Читаем Побег из лагеря смерти полностью

Слушателям было скучно, потому что они почти ничего из рассказа Шина не поняли. Один парнишка (очевидно, силившийся разобраться, кто же такой был Шин и чем он вообще занимался в Северной Корее) задал последний вопрос: каково было служить в северокорейской армии? Шин поправил парня, сказав, что он никогда не служил в Народной армии Кореи.

— Я был недостоин этого, — сказал он.

Посмотрев его выступление в церкви, я начал приставать к нему с расспросами о том, что с ним происходит. Почему ты хочешь быть борцом за права человека, если тебе так трудно говорить на публике обо всем, что с тобой происходило в лагере? Почему ты в своих рассказах опускаешь как раз те подробности, которые могут завести и заинтересовать аудиторию?

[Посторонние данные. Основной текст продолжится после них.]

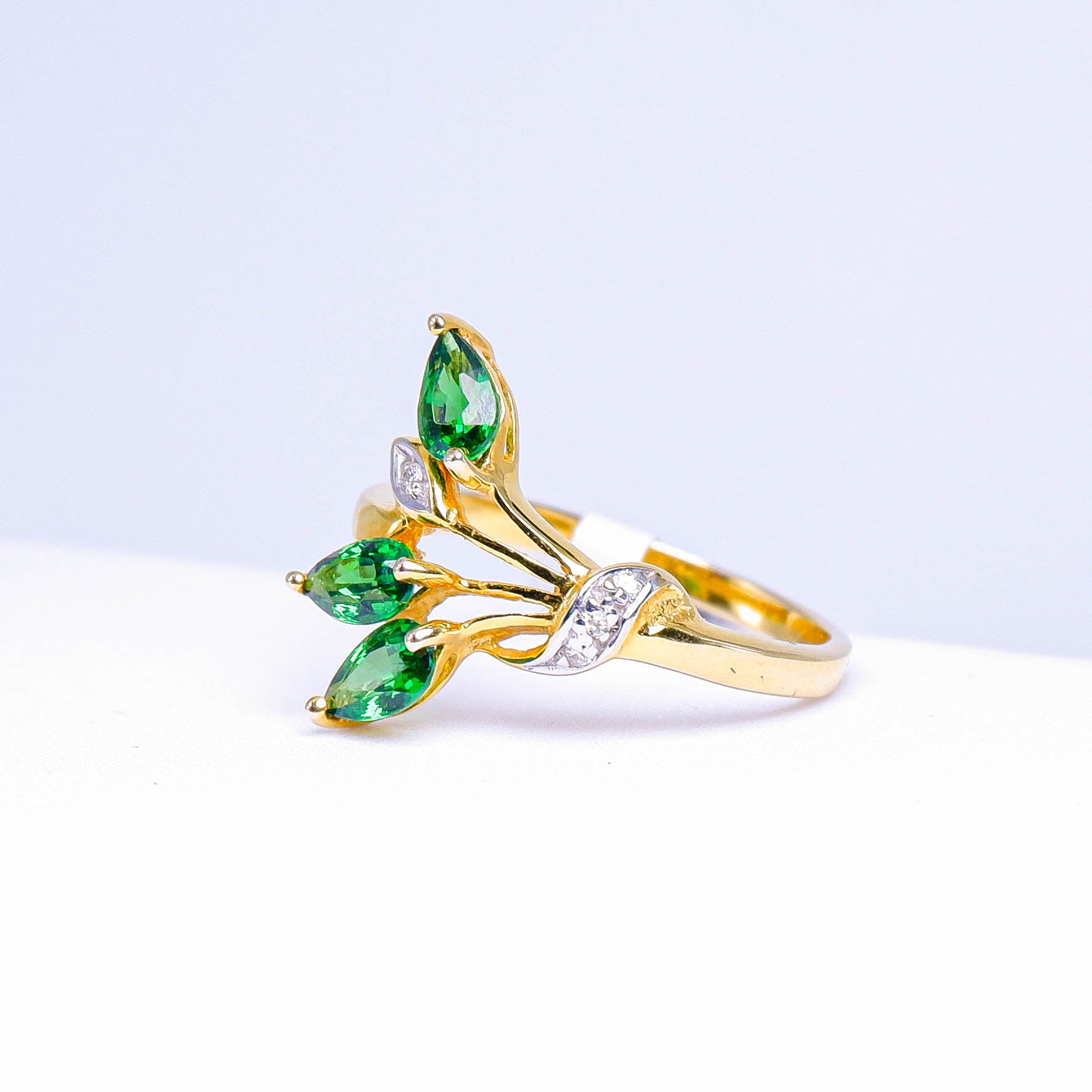 แหวนทอง9K ฝังพลอย ซาโวไรท์ (Tsavorite) + เพชร (Diamond)

— Все, через что мне пришлось пройти, касается только меня и никого больше, — ответил он, отводя глаза. — Мне кажется, большинство людей просто не в состоянии понять, о чем я им рассказываю.

По ночам его продолжали преследовать кошмары. Своими криками он будил своих соседей по комнате в доме, снятом в Торренсе для волонтеров «Свободы в Северной Корее». Он отказывался от бесплатной помощи живущих и работающих в Лос-Анджелесе корееговорящих психотерапевтов. Отказывался записаться на образовательные курсы, тем более поступать в колледж.

Несколько раз он говорил мне о возникшей внутри него «мертвой зоне», из-за которой ему было трудно чувствовать хоть какие-то эмоции. По его словам, он время от времени старался притвориться счастливым, чтобы просто посмотреть, как на него будут реагировать окружающие. Но чаще всего он не предпринимал вообще ничего.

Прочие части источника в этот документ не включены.